10. The Xylanolytic System
Xylans are β-1,3- or β-1,4-linked xylose that can be modified to include acetyl groups, arabinose and methylated glucuronate. Included with this polysaccharide can be arabitans composed arabinose with various linkages and arabinogalactans with α- and β-linkages [
1]. In addition to their structural roles in the hemicellulose component of higher plant cell walls as would be found in marine and estuarine grasses [
52], xylans can substitute for cellulose in the cell walls of some siphonous green algae [
53,
54] and red algae [
55].
The variation among the constituent linkages in the polymers of the xylans, arabitans and galactoarabitans requires a diverse collection of enzymes to release the constituent sugars and sugar derivatives, such endoxylanases and xylosidases to produce xylose. Galactosidases, glucosidases, glucuronidases and arabinofuranosides would release galactose, glucose, glucuronate and arabinose, respectively. Acetoxylan esterase would deacetylate xylan backbones.
Sde2–40 can utilize xylans from terrestrial sources as the primary carbon source for energy and growth [
7]. This bacterium, however, does not seem to be able to utilize arabinogalactans well [
49], but it can grow on the constituent sugars [
2]. A review of the genome annotation, metabolic profiling and the biochemical activities of selected genes indicates that this bacterium produces all of the enzymes to degrade and utilize xylan and arabinogalactan of marine and terrestrial origin [
6,
10,
49,
56]. This bacterium produces GH10 and GH11 xylanases [
19,
56] as well as the enzymes to remove backbone modifications (
Table 9). In these cases, the xylanases appear to be freely secreted as >90% of the activity produced by this bacterium is present in culture filtrates [
49]. Most of the enzymes to remove backbone modifications have lipoboxes suggestive of surface attachment. Only a few hypothetic esterases together with a candidate arabinofuranoside and glucuronidase have the properties of cytoplasmic enzymes.

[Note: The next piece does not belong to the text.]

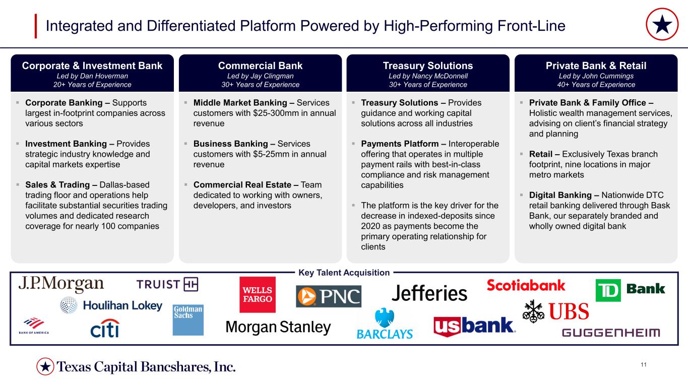10 Proven Executive Leadership with Large Top-Tier Financial Institution Experience Footnotes for slide Rob Holmes Chairman, President & Chief Executive Officer Tenure: 5 years Experience: 30+ years Anna Alvarado-Pearce Chief Legal Officer & Corporate Secretary Tenure: 4 years Experience: 15+ years Jay Clingman Head of Commercial Banking Tenure: 4 years Experience: 30+ years John Cummings Chief Administrative Officer Tenure: 4 years Experience: 40+ years Donald Goin Chief Information Officer Tenure: 4 years Experience: 20+ years Daniel Hoverman Head of Corporate & Investment Banking Tenure: 4 years Experience: 20+ Years Matt Scurlock Chief Financial Officer Tenure: 12 years Experience: 15+ years Nancy McDonnell Head of Treasury Solutions Tenure: 5 years Experience: 30+ years David Oman Chief Risk Officer Tenure: 2 years Experience: 30+ years David Youngberg Chief Credit Officer Tenure: 3 years Experience: 20+ years
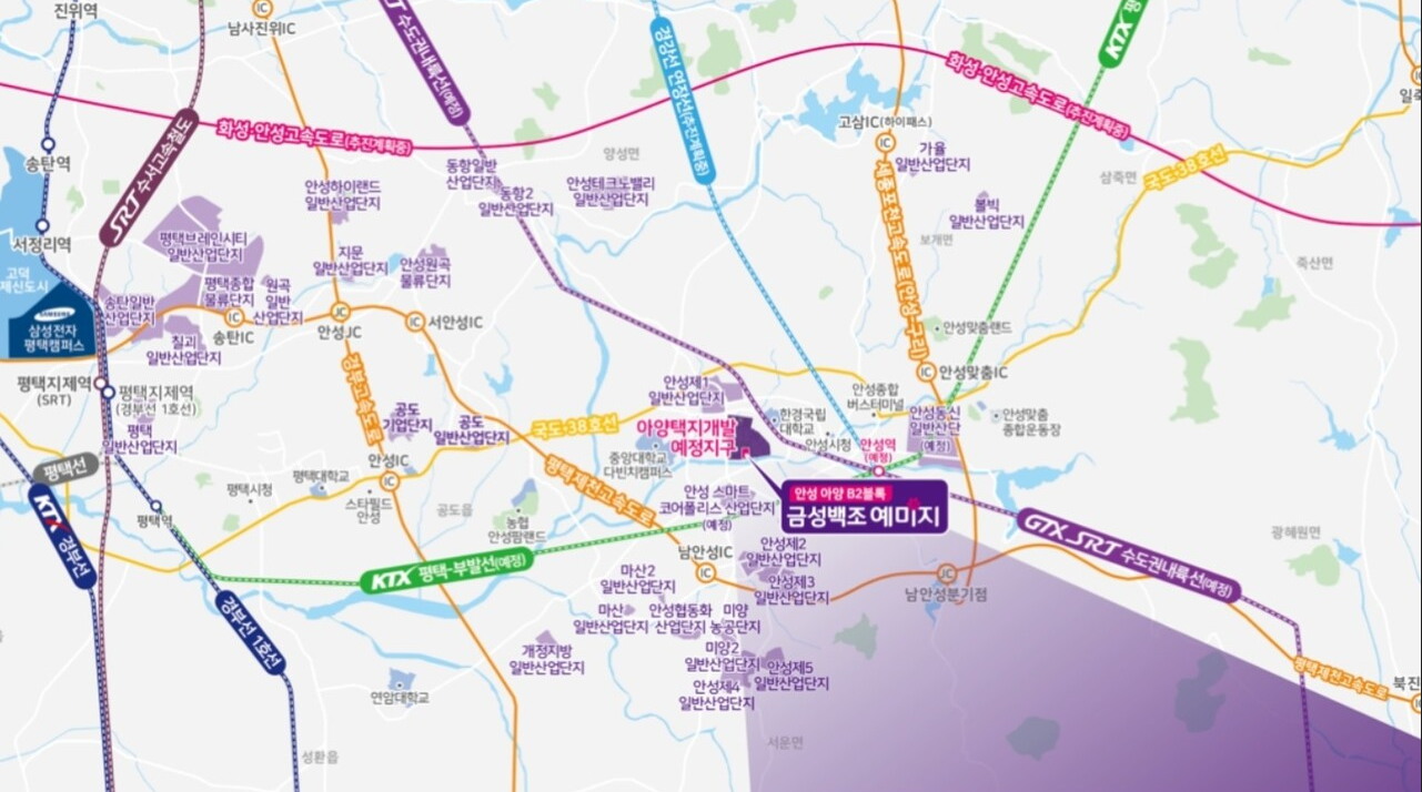 아양택지개발지구는 안성시가 신도시급으로 육성 중인 대표적인 주거지입니다. 주변에는 교육, 교통, 생활 인프라가 단계적으로 확충되고 있으며, 향후 인구 유입에 따른 상권 형성이 기대됩니다. 특히 경부고속도로와 평택~제천고속도로 접근성이 뛰어나 서울과 수도권 남부, 충청권 이동이 편리합니다. 또한 KTX 평택지제역, GTX-C 노선 연장 논의 등 광역 교통망 확충 기대감이 이어지고 있어, 출퇴근 수요와 장기적인 가치 상승 가능성이 높은 지역으로 평가됩니다. 생활 편의성 측면에서도 이미 대형 마트, 의료시설, 학교 등이 가까이 있으며, 택지개발지구 특성상 추가적인 기반시설 확충이 예정되어 있어 거주 만족도가 크게 높아질 전망입니다.

Thus it can be predicted that depolymerization of xylans occurs external to the cell, mostly through the activity of freely secreted enzymes. Removal of modifications can occur at the source or on the cell surface. Ultimately, the released xylose, glucose, glucuronate, galactose, and arabinose are imported into the cell. This presumably involves outer membrane porins and cell membrane transporters for these sugars that have yet to be identified.